As a person who stutters, I have encountered countless people who are unsure of how to respond to my speech. I have been hung up on because they think my phone has lost its signal and I’ve been told “It’s okay, just take a breath and take your time,” or “Oh, did you forget your name?” (Many of us who stutter, stutter on our names). It’s common to encounter a person who stutters, whether they are a co-worker, student, family member, or friend, but it’s not common to know how to react.

There are more than 3 million people in the United States who stutter, according to the National Stuttering Association. Yet, many people still don’t understand stuttering or know how to best communicate with someone who stutters.

The following are some tips for interacting with a person who stutters:

1. Use person-first language.

A person is not their stutter — it’s only one aspect of them. That is why the stuttering community prefers to be called “people who stutter” instead of “stutterers.” It is only one aspect of the individual.

2. Do not complete sentences.

“I would like p-p-p-”

“Pumpernickle? Pizza? Pasta?”

Numerous times I have had people try to complete my sentence. This can be frustrating because I am trying to communicate, and it feels like the other individual is impatient. Plus, they’re almost always wrong. It is best to remain patient and wait for the person to complete their thought.

3. Listen to what is being said and not how it is being said.

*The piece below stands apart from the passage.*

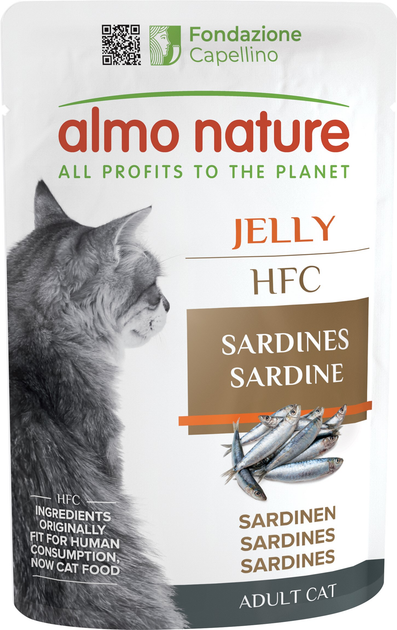 Упаковка вологого корму для кішок Almo Nature HFC Cat Jelly пауч, сардина 55 г х 6 шт (2000981172060)
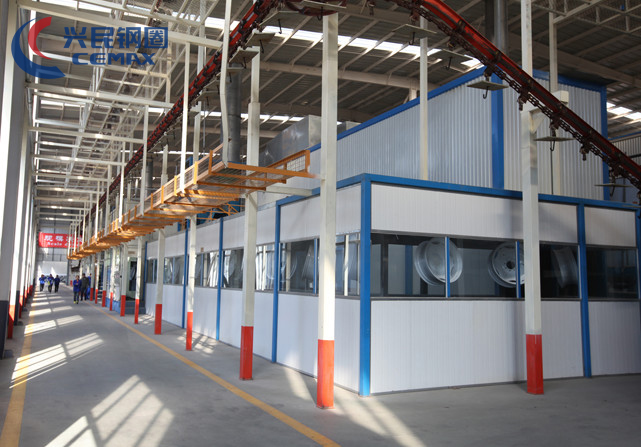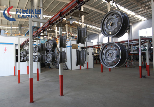 Xingmin paint workshops possess state of painting line. The line utilizes the tatest technology in the pretreatment of electrophoresis. The anticorrosion performance conforms to the international standards. Xingmin is the first wheel company in China to use a chain conveyor line for electrostatic powder coating, which makes coating automatic. Robotic arms load and unload product on the conveyor line. The finished products go directly to the warehouse for packing, which eliminates possible wear and tear.

When talking to a person who stutters, it’s important to listen to the content. When you make observations about the stuttering that are out of context, it can make the person feel like they are not being heard. Comments like “slow down” or “It’s okay, relax” are not helpful.

4. Remember stuttering is a brain-based disability, not a psychological disorder.

People stutter because there’s a difference in the left hemisphere of their brain where language capabilities are located. This is why people stutter when they speak, but they do not stutter when they sing, rap, or talk in a cartoon-like voice. These are all functions of the right side of the brain. Stuttering is not a reflection of a personality disorder or deeper psychological issue.

5. Become an ally.

Becoming an ally for a person who stutters is easy. Here are some things you can do:

Not everyone who stutters is comfortable reading aloud. Ask the person before they are called on if they are comfortable and how else they might be able to participate.

Be patient and listen. Don’t tell the person who stutters about ways to make them more fluent, whether they are scientific, homeopathic or otherwise. Most of us have tried everything from faith healers to speech therapy and still stutter. People continue to stutter because of a neurological difference, not because they are lazy in using their speech tools.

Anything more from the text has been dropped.